Intervention de Bruno le Maire

Séance en hémicycle du vendredi 19 octobre 2018 à 15h00
Projet de loi de finances pour 2019 — Article 14

Bruno le Maire, ministre de l'économie et des finances :

Premièrement, notre objectif est de faire de la France la nation technologiquement la plus puissante en Europe. Tel est notre objectif, parce qu'il nous permettra de soutenir nos entreprises et de créer des emplois, et des emplois à forte valeur ajoutée pour les salariés, c'est-à-dire avec de bonnes rémunérations.

À échéance de quinze ou vingt ans, la France doit être devenue la première nation technologique en Europe : je suis convaincu que c'est à portée de main. Je suis également convaincu qu'au-delà de la puissance économique que cela nous donnera, le rétablissement de notre balance commerciale extérieure en dépend.

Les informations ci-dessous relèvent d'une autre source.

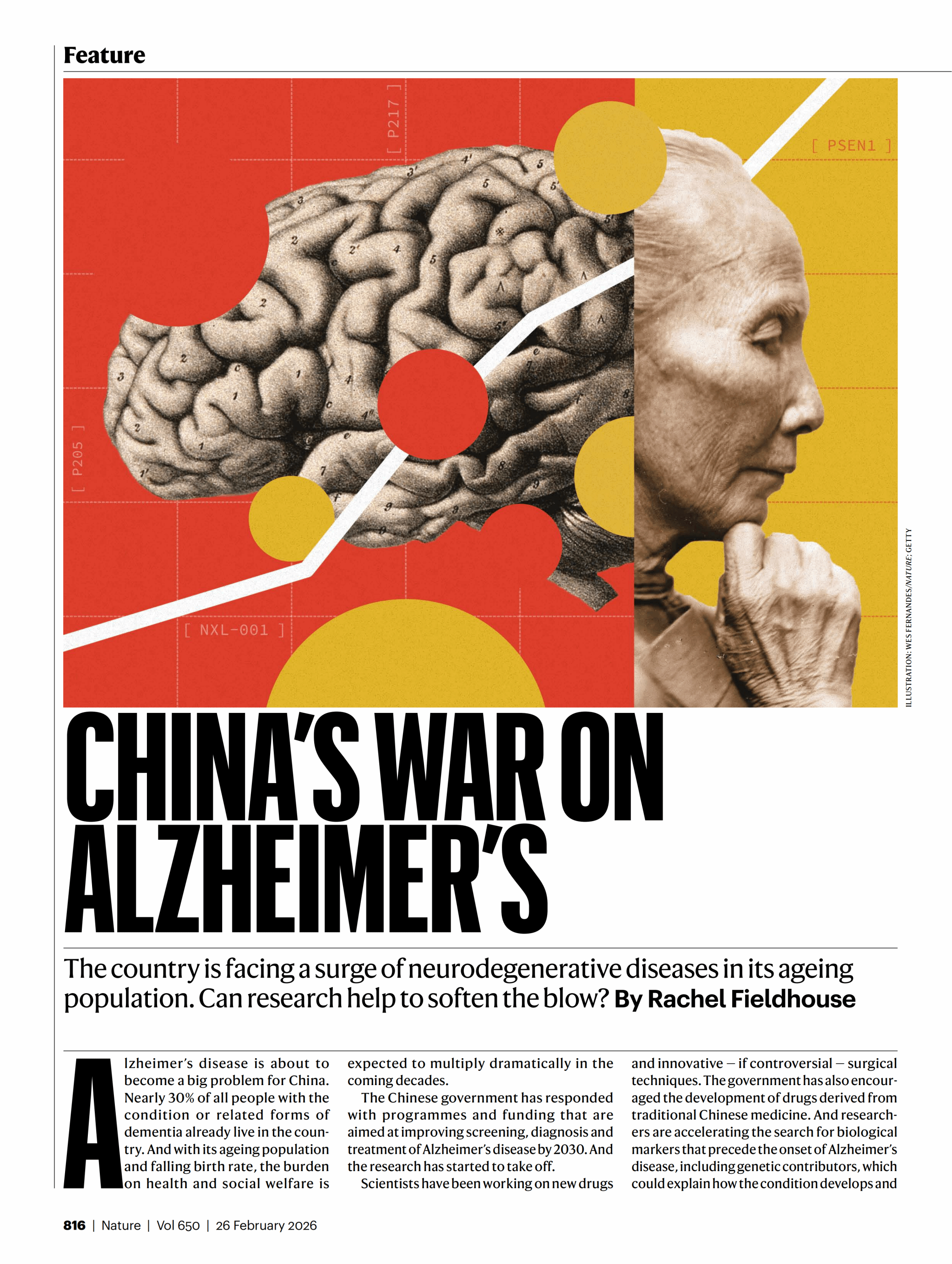 2026年2月24日,国际顶级学术期刊Nature刊发头条文章“中国对抗阿尔茨海默病的战争”,聚焦中国在阿尔茨海默病(AD)防治领域的战略布局与科研突破。文章指出,面对人口老龄化带来的日益严峻的疾病负担,中国通过系统性推进资金投入、人才集聚、临床研究体系建设及自主药物研发,已形成具有全球借鉴意义的实践路径。报道援引英国科学家John Hardy的评价称:“也许中国会成为下一个领跑者。”
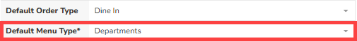 For this example, we are setting up the Server's Default Menu Type as Departments.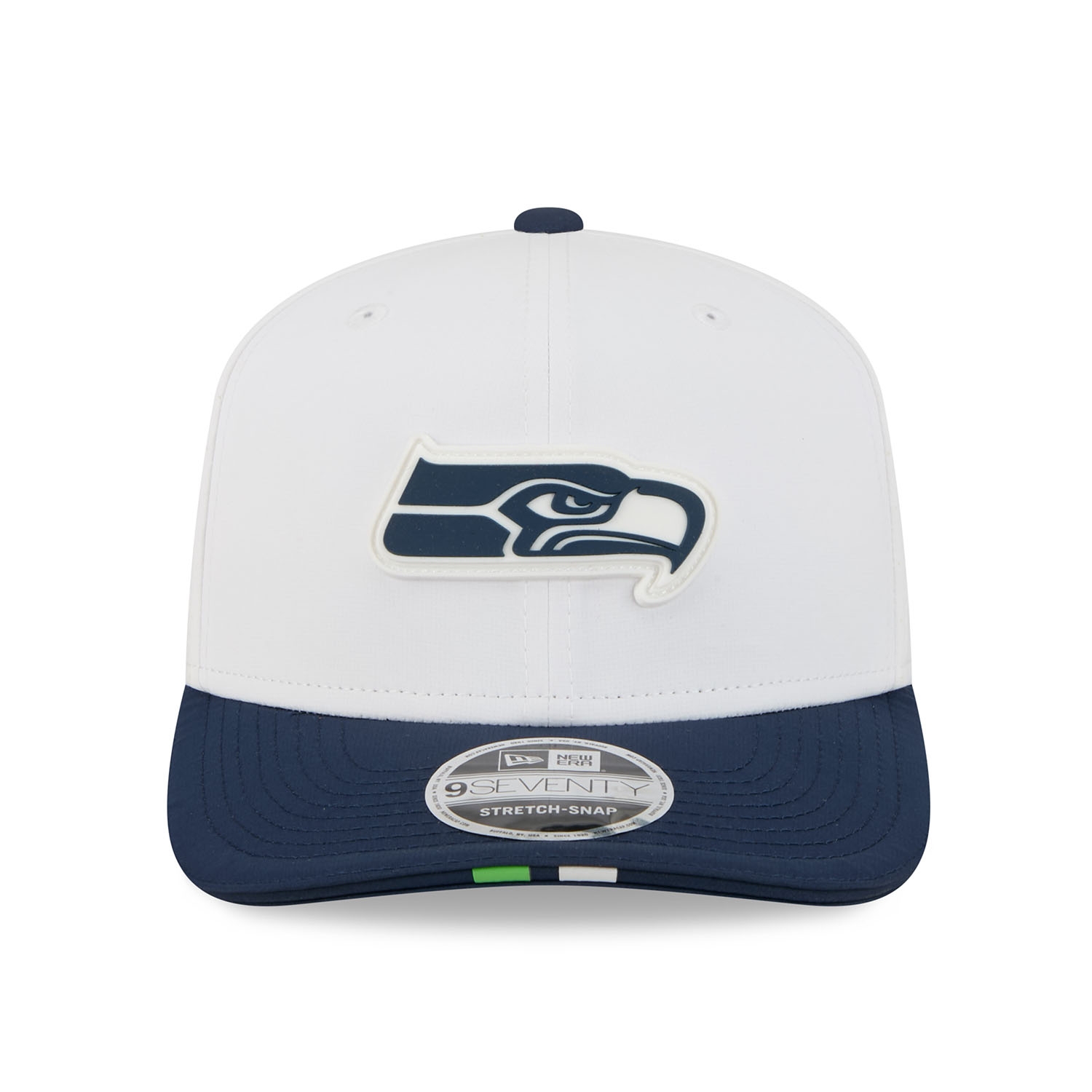 New Era American Football Cap deiner Seattle Seahawks Stretch-Snap 9SEVENTY Cap aus der offiziellen 2025 NFL Training Camp Kollektion.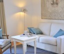 Chambre décorée de manière très classique lui donnant ainsi pureté et légèreté. Canapé en tissu blanc et coussins décoratifs en velours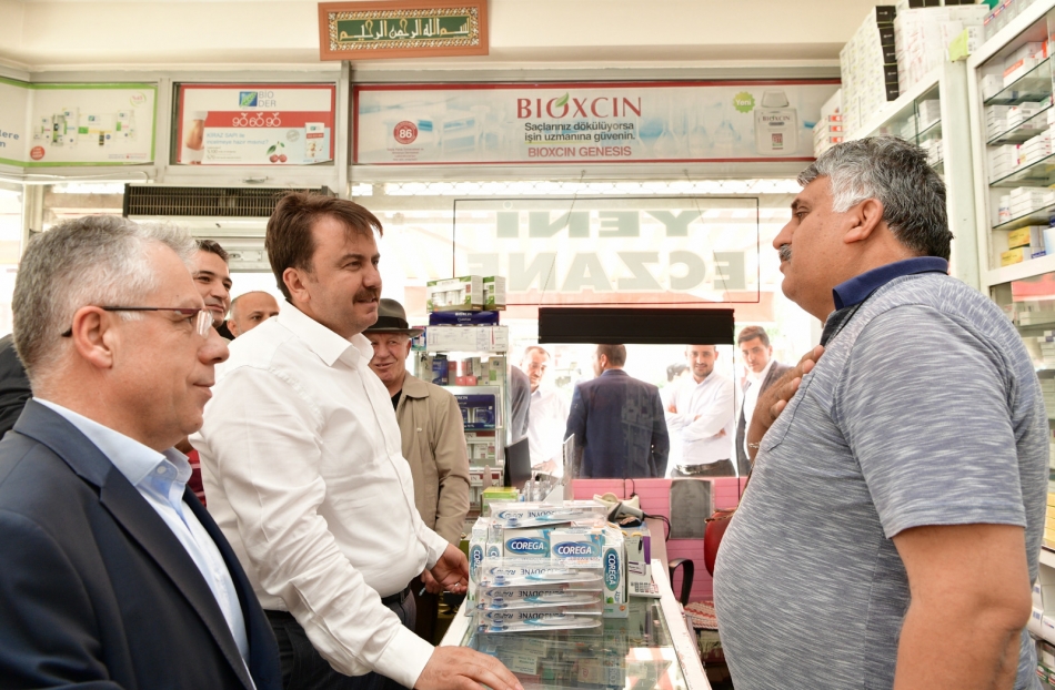 Kahramanmaraş Büyükşehir Belediye Başkanı Fatih Mehmet Erkoç, Afşin ilçesinde düzenlediği gezilerde esnaflarla ve vatandaşlarla sohbet etti.

Et elle ne dépend que de ça.

Soit nous devenons une nation technologiquement puissante et nos produits s'exporteront bien, soit nous persistons à rater le coche de la numérisation et des nouvelles technologies, et notre balance commerciale extérieure ne cessera de décliner, comme nos emplois.

En effet, une telle évolution se traduirait ensuite, très concrètement, par des fermetures d'usine ou d'exploitations agricoles sur notre territoire.

Quel est, aujourd'hui, le dispositif fiscal en matière de dépenses de recherche et développement ? Je considère que s'il est effectivement très attractif, il est, honnêtement, indéfendable.

Il est attractif car nous avons, dans le domaine de la recherche et le développement, un taux réduit d'imposition des plus-values de cession tirées des brevets des droits de propriété intellectuelle, qui s'élève à 15 % pour les entreprises redevables de l'impôt sur les sociétés – au lieu du taux normal de 33,13 % – et de 12,8 % pour les entreprises relevant de l'impôt sur le revenu, au lieu du barème.

Il s'agit par conséquent d'un dispositif fiscal qui est extraordinairement avantageux, mais – et le mais est d'importance – qui est accordé aux entreprises quel que soit le lieu de réalisation de la recherche.

Pour tous ceux qui ici veulent, à juste titre, une fiscalité juste, honnêtement, conserver un tel avantage fiscal alors que la recherche – j'englobe dans cette notion les laboratoires, les emplois, les salariés et les chercheurs – n'est même pas réalisée sur notre territoire pose une véritable difficulté.

Ce que nous cherchons est d'abord un dispositif qui soit juste et efficace, les deux à la fois. Il ne doit pas simplement être efficace, mais aussi juste, car il n'y a pas de raison que le contribuable paye un avantage fiscal accordé à des entreprises qui réalisent leur recherche à l'extérieur du territoire français.

Or c'est le cas.

Si nous laissons les choses en l'état, c'est vous qui viendrez bientôt, et légitimement, me voir pour me dire : telle grande entreprise bénéficie d'un avantage fiscal formidable, mais elle vient de fermer son laboratoire de recherche pour le délocaliser dans un pays où les coûts de production, comme les salaires, sont moins élevés, et elle va continuer à bénéficier dudit avantage !

C'est indéfendable.

Il est donc nécessaire, deuxièmement, de revoir ce dispositif fiscal. Ce n'est que dans un deuxième temps que vient la question de l'OCDE. Beaucoup me disent en effet que nous serions en train de nous soumettre aux règles internationales.

C'est tout d'abord mieux, lorsque l'on défend le multilatéralisme, ce qui est notre cas, de respecter de telles règles. Cependant, cela ne vient, dans notre raisonnement, que dans un second temps.

Oui, les règles fiscales « nexus », sur lesquelles je reviendrai, sont aujourd'hui appliquées par tous les États européens. Ils ont tous sans exception transposé ces obligations de l'OCDE. Un seul ne l'a pas fait : la France.

Or lorsque vous allez à l'OCDE défendre les règles du multilatéralisme – et que vous affirmez : nous en avons assez des États qui défendent leurs propres règles et qui refusent les règles communes, alors que vous-même n'avez pas appliqué les règles multilatérales – , franchement, pour dire les choses simplement, vous n'êtes pas bien.

Il me paraît donc important de le faire.